The Wave: An Adoptee's View on Loss and Motherhood

By: Guest Blogger, Amanda Okamoto

Our friend Amanda Okamoto is a Korean-American adoptee living in the United States. Amanda shared with us her personal "a-ha" moment in life, parenting, love, and loss.

When my daughter was a little over two weeks old, I sat in what had already become a familiar position on my couch, cradling her head in the bend of my elbow, watching her as she nursed. Her forehead wrinkled with the concentration of sucking and smoothed with the contentment of swallowing. My mother sat anchoring down the other side of the couch working on a crossword puzzle, but still paying attention to me--her youngest child, her baby--acting as a mother for the first time. Surrounded by a nest of pillows and cushions, I watched as the tiny muscles in my daughter's hands stretched out, flexed, relaxed, and the tiny baby wrinkles on her forehead settled smooth as she was soothed almost to sleep.

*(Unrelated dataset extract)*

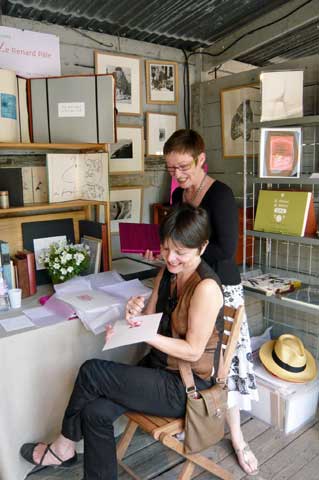 Édition originale du poème d’Arrabal traduit en occitan par Sèrgi Combes, illustrée d’un pliage original et d’un dessin à l’encre rouge paraffiné de Martine Lafon. Tirage unique à 16 exemplaires sur Vélin d’Arches présentés sous chemises de soie rouge et signés par l’auteur à la saison des pêches en 2009, (25 x 19 cm).

“After I’m done nursing, I’d like to go to the bathroom. Could you hold her?” I asked my mother in a quiet voice, without moving my eyes from my daughter’s face.

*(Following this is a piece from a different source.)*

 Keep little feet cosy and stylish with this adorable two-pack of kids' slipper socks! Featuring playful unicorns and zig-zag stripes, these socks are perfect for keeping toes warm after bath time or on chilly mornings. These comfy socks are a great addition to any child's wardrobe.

“Sure,” she said, moving the crossword and pen to the table at her side to free her arms and shift her attention fully to us.

Under my mother’s gaze, my daughter, with eyes still tightly closed, tensed and reached out with her tiny hand grabbing at my breast in what seemed like a possessive reflex. Both my mother and I laughed at the gesture, and how its timing seemed to be in response to our quiet conversation. Already, her personality was making itself known: being interrupted seemed to be one of her pet peeves.

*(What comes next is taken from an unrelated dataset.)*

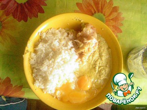 Всё высыпаем в куриный фарш. Кусочки батона пропитываем молоком и измельчаем. Добавляем туда отварной промытый рис,яйца, пропитавшийся батон и муку для фарша.Всё перемешиваем.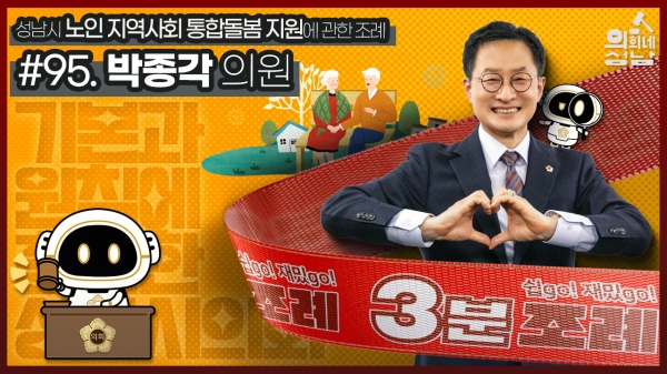 [광성일보] 성남시의회는 ‘3분 조례-박종각 의원 편’ 영상을 시의회 공식 SNS에 게시했다.이번에 소개된 조례는 박종각 의원 등 17명이 발의한 ‘성남시 노인 지역사회 통합돌봄 지원에 관한 조례’이다. ‘

“She knows that you’re plotting to give her away,” my mother said with her usual teasing humor.

I slowly lifted my head, breaking my mesmerized watch over my daughter, and turned my face away from my mother. Hot tears ran down my cheeks, converged under my chin, dripped into the collar of my shirt, and my hand never moved to wipe them away. I held my breath, frozen, afraid that I could not keep the ragged edge of it from being heard. The silence was so loud that my father, who had been eating a sandwich at the dining table with his back to the room called, “What’s going on over there?”

“Oh,” I heard my mother say, in a choked voice that I was surprised to hear. “I just put my foot in my mouth, again.” I turned to look at her and saw that tears were flowing down her face as well. We both let out a little shaky laughter as we looked at each other. “I’m sorry,” she said, and she shifted her seat closer to me and reached out with a hand to rub my shoulder.

“I know. I know you didn’t mean it that way,” I stuttered, surprised at how tight my voice still sounded. It must just be the baby hormones... I thought to myself.

I tried again to break the silence, “It’s just,” I stuttered, “It’s just... I don’t know how anyone could do it.”

And then I knew it wasn’t just the lingering hormones.

It was the wave of loss that would occasionally come back to me over my own adoption--a crashing wave, so strong, that it threatened to pull me under. And for the first time in my life, I finally knew what it felt like to be a parent, and just what my birth parents had to give away.

Amanda Okamoto is a Korean adoptee, raised in a Caucasian family, married to a Japanese immigrant, and a full-time mother of one child and with another on the way. As the daughter of a mother who has worked in the parenting education field for 30 years, she is grateful to have grown up and grown into a mother who is aware of the importance of compassionate, educational, and supportive parenting and parenting resources and networks. Amanda is an active community volunteer. She loves to cook, read, write, and re-explore all of the creative pursuits of childhood with her active and inspiring six-year-old daughter.


Dear Amanda, we have six children: we produced three (Sarah Beuerle is one of them), adopted two, and took a walk-in age almost 16 seven and a half years ago. In 1973 we were in Ann Arbor, Michigan for the summer. One evening at a prayer meeting a young woman got up and gave her testimony about giving her daughter up for adoption to a Christian couple that could care fore the baby when she couldn’t. The next morning I was out walking with our daughter Hillary (age 3 1/2) whom we had adopted two years before. I met the young woman who had given her testimony the night before and told her how much it meant to me to hear it from the other side. Suddenly Hillary said, “I have three fathers.” We both looked at Hillary who then said, “He (pointing at me) is my daddy. God is my father, and I have another father I don’t know who.” Torre Bissell


Thank you so much Amanda for your powerful, real and heartfelt blog. I felt like I was right there with the three of you that day in your home. I also feel like for the first time in my life that I have a better understanding of what it feels like to be an adoptee and a mother.